Marriott International announced Monday it has struck a deal to purchase Starwood Hotels & Resorts Worldwide in a mostly stock sale worth about $12.2 billion.
As part of the deal, Marriott will receive Starwood’s hotel chains including well-known brands such as the W, Westin, Sheraton and St. Regis. The new hotel company is now the largest in the world, with more than 5,500 hotels and 1.1 million rooms worldwide, according to a joint press release.
During a conference call Monday morning, Marriott CEO Arne Sorenson said the deal is expected to result in about $200 million in cost savings, with some savings coming by uniting duplicative services, such as those for taking reservations and accounting, and other operational efficiencies.
Bruce Duncan, Starwood’s board chairman, said the company conducted a global review of its options, including remaining as a stand-alone company, before deciding the Marriott deal was best for its shareholders.
“Starwood is a strong company, with much envied brands, hotels and people, but there’s no question it can benefit from scale and efficiency,” Duncan said on the conference call. “Marriott gives us that opportunity.”
Adam Aron, Starwood’s interim CEO, said the merger will also provide new career opportunities for Starwood’s employees.
“Marriott has a business culture that drives results through consistent execution,” Aron said.
Starwood has been the subject of sales talks since April, when it announced it was looking to make a deal.

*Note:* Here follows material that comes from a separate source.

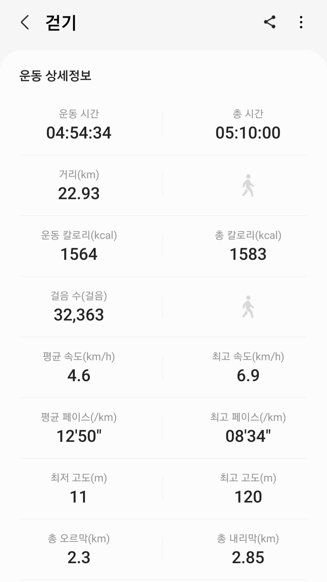 실제 총거리 : 22.93km (갤럭시 워치4 기록)

Previously, InterContinental Hotels and Hyatt had both been rumored as possible buyers, but ultimately it was Marriott that came away with the company, according to The New York Times.
Marriott will remain at its Bethesda headquarters and Sorenson remains the president and CEO of the company as part of the sale.

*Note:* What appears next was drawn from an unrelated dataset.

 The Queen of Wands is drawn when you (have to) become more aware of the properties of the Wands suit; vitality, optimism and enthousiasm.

“The driving force behind this transaction is growth,” Sorenson said in a statement. “This is an opportunity to create value by combining the distribution and strengths of Marriott and Starwood, enhancing our competitiveness in a quickly evolving marketplace.”
Starwood shareholders are expected to receive $79 per share in total value in the deal, which amounts to $70 per share, plus a $2 cash consideration and approximately $7.80 a share based on the sale of Starwood’s time-share businesses that wasn’t included in the Marriott deal. The merger is expected to officially close in mid-2016.